In the wake of the weeks-long demonstrations against the “First Job Contract” (CPE) a violent dispute has erupted within the French political elite. The position of Prime Minister Dominique de Villepin appears ever more untenable and President Jacques Chirac is being increasingly drawn into the conflict.
The controversy has not taken an overtly political form but instead emerged as a scandal that is drawing in ever-wider circles. One exposure after another is coming to light as secret intelligence documents appear in the media, revealing a dense, barely penetrable network of plots and intrigues.

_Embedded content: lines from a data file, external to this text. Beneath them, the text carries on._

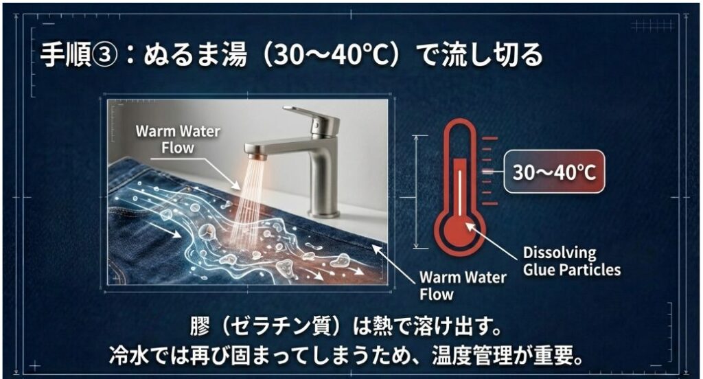 (pH11以上の強アルカリ。厚手デニムの奥まで浸透し、インディゴの粒子はそのままに、墨の接着成分だけをバラバラに加水分解します)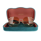 Sophistication and luxury from the iconic house of Gucci. The GG0651S-005 Sunglasses feature a beautiful yellow gradient geometric lenses. The Double-G logos decorate the gleaming arms of designer sunglasses that feature floating gradient lenses. Made in Japan. Case colors may vary.
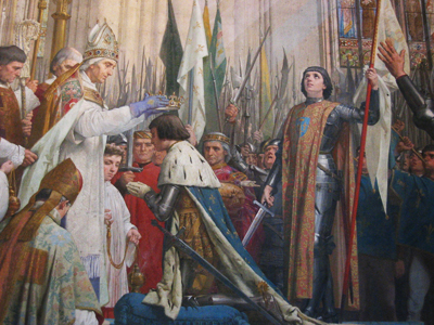 ひざまづいたシャルル7世の頭に、キリスト教会の司教が王冠を載せています。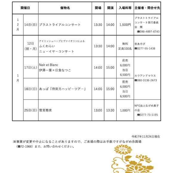 - 11月29日開催「七代目円楽襲名 大間々ながめ亭特別興行」チケット販売中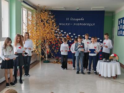 Uroczysta akademia z okazji Narodowego Święta Niepodległości przygotowana przez uczniów pod kierunkiem pani M. Majewskiej.
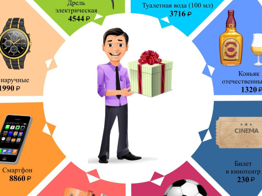 В списке традиционных подарков - электрическая дрель за 4544 рубля, наручные часы стоимостью 1990 рублей, туалетная вода - 3716 рублей, коньяк - 1320 рублей, смартфон - 8860 рублей, ремень - 757 рублей, футбольный мяч - 1127 рублей, билет в кино - 230 рублей.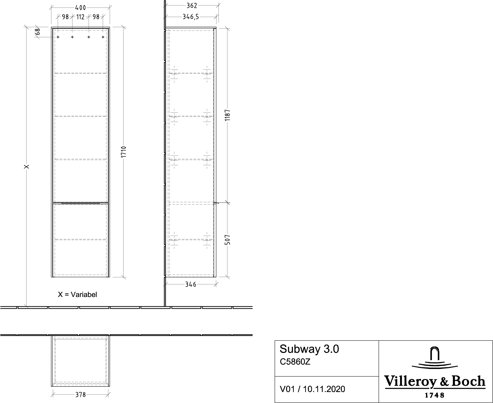 Hoge kast Subway 3.0 400 x 1710 x 362 mm Graphite C58601VR Villeroy & Boch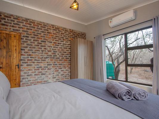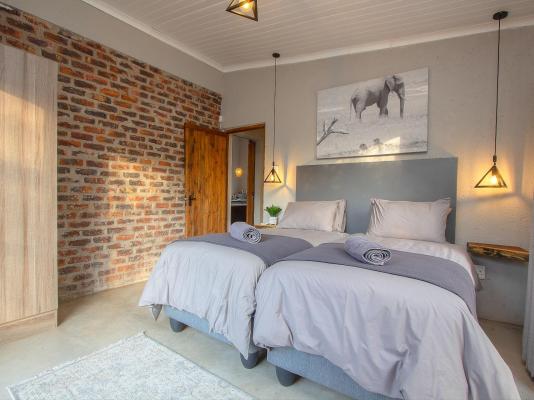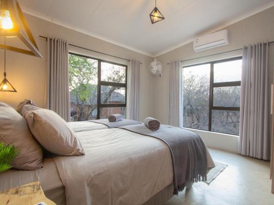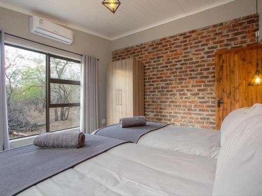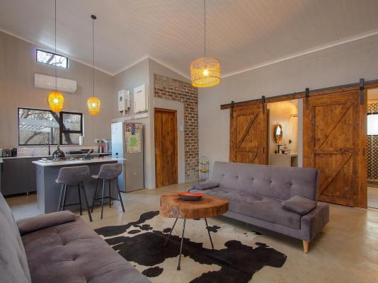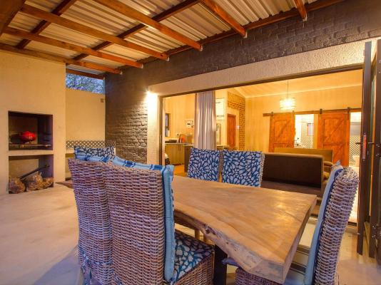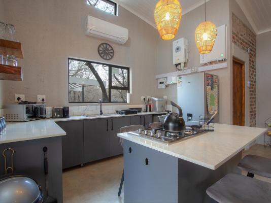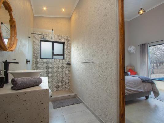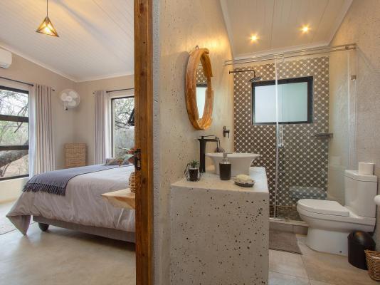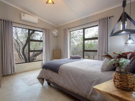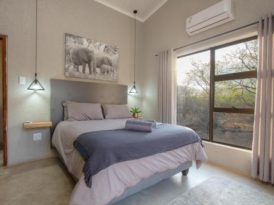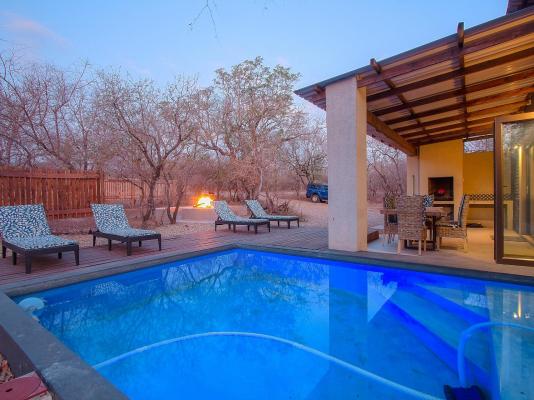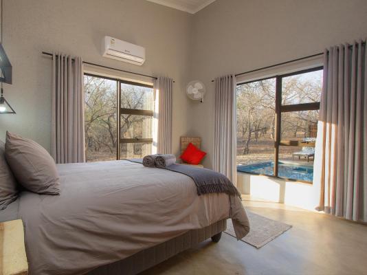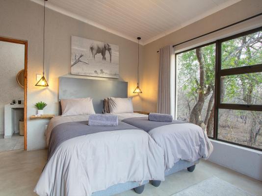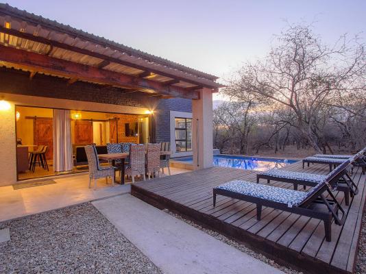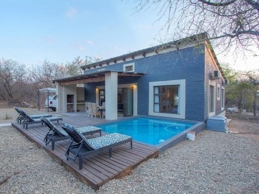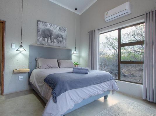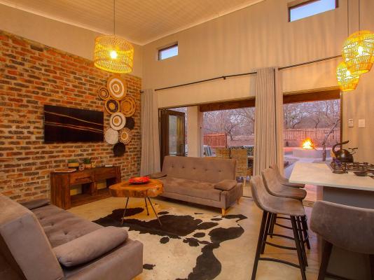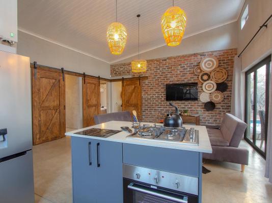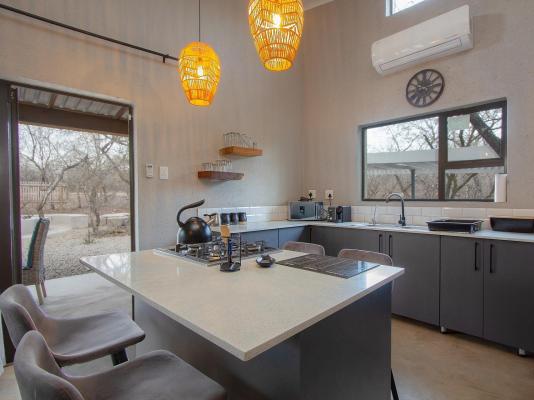 Large glass doors frame sweeping views of the surrounding bush, and a private plunge pool and outdoor dining/braai area invite you to unwind while wildlife roams freely nearby. Inside, the fully equipped kitchen makes self-catering a pleasure, and modern amenities such as Wi-Fi and comfortable furnishings ensure your stay is effortless.

Meanwhile the political warfare has had its first victim: Jean Louis Gergorin, the vice-president of the aviation and arms company EADS, has resigned from his post in order to “concentrate himself entirely on his defense.” It is expected that high-ranking political heads will also roll.
The Clearstream affairAt the heart of the dispute which has dominated the news in France for days is the so-called Clearstream affair. Briefly, it involves the following:
At the beginning of January 2004 Dominique de Villepin, at that time minister of foreign affairs, met with the recently retired general of the French military secret service, Philippe Rondot, and the EADS deputy, Jean Louis Gergorin. Gergorin is an old and trusted friend of Villepin. Twenty years previously, in his function as departmental head in the State Department, Gergorin had engaged and promoted the young career diplomat.
Gergorin is said to have presented at this meeting a list of secret bank accounts held by French politicians and managers with the Luxemburg finance company Clearstream. Rondot was assigned to instigate investigations. The Ministry of Defense, to which Rondot is accountable, was not informed about the meeting and its subject.
The list turned out to be a falsification and so far it remains unclear who was behind it. The main suspects are Gergorin and another employee of EADS and the French secret services, Imad Lahoud.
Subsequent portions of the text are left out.